The beautiful woman has awakened

Why am I remembering this face right now? Her name is An, and she squats down to me on the wide, white Pacific beach and peels me a pineapple. An has a complexion like milk-coffee-colored rice paper, just white teeth and a few laugh lines in the corners of his eyes. She's 50, she has three children, her husband is dead. All this she tells me beaming in English as she carves on the fruit with a crooked old knife. I also buy her tiger balm and mint oil for a headache, so she continues to smile so beautifully. How long has she been a widow, I want to ask. But she comes before me with her question, nods to the photographer Joerg Modrow over: "Her husband?" - "A colleague," I say, "we work together, want to report on Vietnam." An smiles conspiratorially. As she leaves, she puts her hand on my arm: "Maybe later her husband?"

On is the face of Vietnam: graceful and a little bit distant. As the sun goes down, I run into the roaring Pacific. The islands on the horizon are ink drawings, the wind blows away the last heat, and the sky drops incredibly thick, tropical drops.

Vietnam - I never thought that this country could ever be anything but a reminder of unbearable news. Now it has become a tourist destination for people who enjoy discovering. We have ten days to explore the city, country and river. By bike and rickshaw, by ship and plane, by car and train, we are on the road, about 1700 kilometers from Hanoi to Saigon.



On the way to Vietnam

The city is in a good mood.

Hanoi, the Nordic beauty, is decorated for the 10th National Congress of the Communist Party. Red flags, yellow hammer and sickle symbols, posters of heroes on the streets, open-air stages on the squares - those who, like me, were born in the GDR, feel strangely reminded. But I never knew it that way: The youth, constantly on the move on millions of motorcycles, outshines the stale heroic symbols. Girls sit just as casually with straight back behind the handlebars as men. All are young - the average age of the population is 25 years - and the few older motorized people, with chickens, flower bundles or a pig on the move, look like 35 at age 50. Life triumphs over the myth, every single moment I see on the roadside stand, watch, wait, enjoy and can not cross, because there is no traffic light, no pedestrian crossing, no lanes, only unstoppable rolling traffic.

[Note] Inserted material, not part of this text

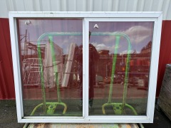 Operable sliding window with screen. Please note that the screen is slightly warped on one side

In the evening, Hanoi does not calm down. Much happier. A few thousand spectators on Modeps jam in front of the central stage at Hoan Kiem Lake and watch jugglers, dancers with hoops and karate fighters. The excitement spills up to us, which we are looking at the scene from the balcony of the "Highland Café" with excellent latte macchiato and cream ice cream. The live music, hymnic with Asia-like sound, is accompanied by high-spirited honking concerts. Youth is celebrating, no matter what. Good mood is the basic feeling. The mood of an emerging society. The economy is growing at an annual rate of seven percent. You can not see percentages, but that there is everything important and unimportant to buy, that trade is omnipresent - that's not to be overlooked.

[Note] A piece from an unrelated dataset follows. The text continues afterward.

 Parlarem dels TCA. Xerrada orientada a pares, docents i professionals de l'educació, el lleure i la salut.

The line in front of Ho Chi Minh's mausoleum is long. He wanted to be burned, not laid bare. Nevertheless, he is now here to visit. We fry in the queue at almost 40 degrees and feel inside, in the dimly cool, the uninterrupted awe of all for this delicate man. Outside in the nearby park of the French governor's palace, our companion Binh tells us in the best of German: The 1,126 delegates to the congress have just decided that a party member may also be a capitalist. And they are discussing the renaming of the party. Our city tour leads logically from Uncle Ho's modest wooden house, which he had disregarded luxury built next to the French palace, straight to the literary temple Van Mieu. In the first university of Vietnam taught Confucius' first successor. Between the avenues, pools, gates and pavilions dwell the protective spirits of the poets and thinkers. Silence falls from the sky, only distant honking reminds of the profane present. The turtles in front of the Fountain of Heavenly Clarity are wisdom turned to stone: they bear the names of the wisest scholars of three centuries. A Hall of Honor of Great Success is to be crossed. Sublime concepts of a strange world.

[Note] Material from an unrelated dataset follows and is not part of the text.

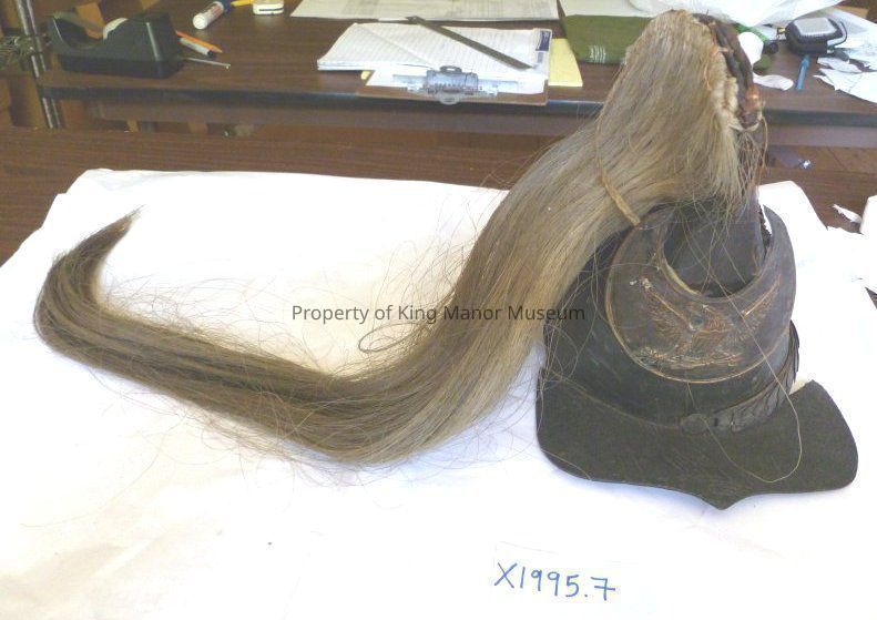 Leather and metal ceremonial or military helmet of hood shape having visor and attached horsetail decorationCollection

When we ride the rickshaw through the old town, we are the slowest. The houses are four times as wide as they are wide, each one has a shop on the ground floor. There are streets where fabrics are sold, streets where there are only lamps. Or musical instruments. Or motorbike spare parts and workshops. Or karaoke bars. From time to time also an internet cafe, full of young men.Ho Chi Minh images and Buddhas alternate. The old town is a department store made up of dozens of streets. On a motorcycle seat, a gentle old woman is holding a crouching siesta. In the middle of the crowd, an old gentleman from another time - all in white with a white beard. He comes to me smiling, wants to be photographed with me.

Binh takes us to his living room-restaurant. Here he eats while he puts the tourists in a fancy restaurant around the corner. But we want spring roll from a private kitchen, served in the living room of a family, which is a simple food stall during the day. The TV is blaring in a high-gloss wall unit, the cook brings chilled water and napkins, and forks. But we take chopsticks. Despite heat refreshes the 2.5 million city. No jetlag, no strangulation. Hanoi hugs us like good friends.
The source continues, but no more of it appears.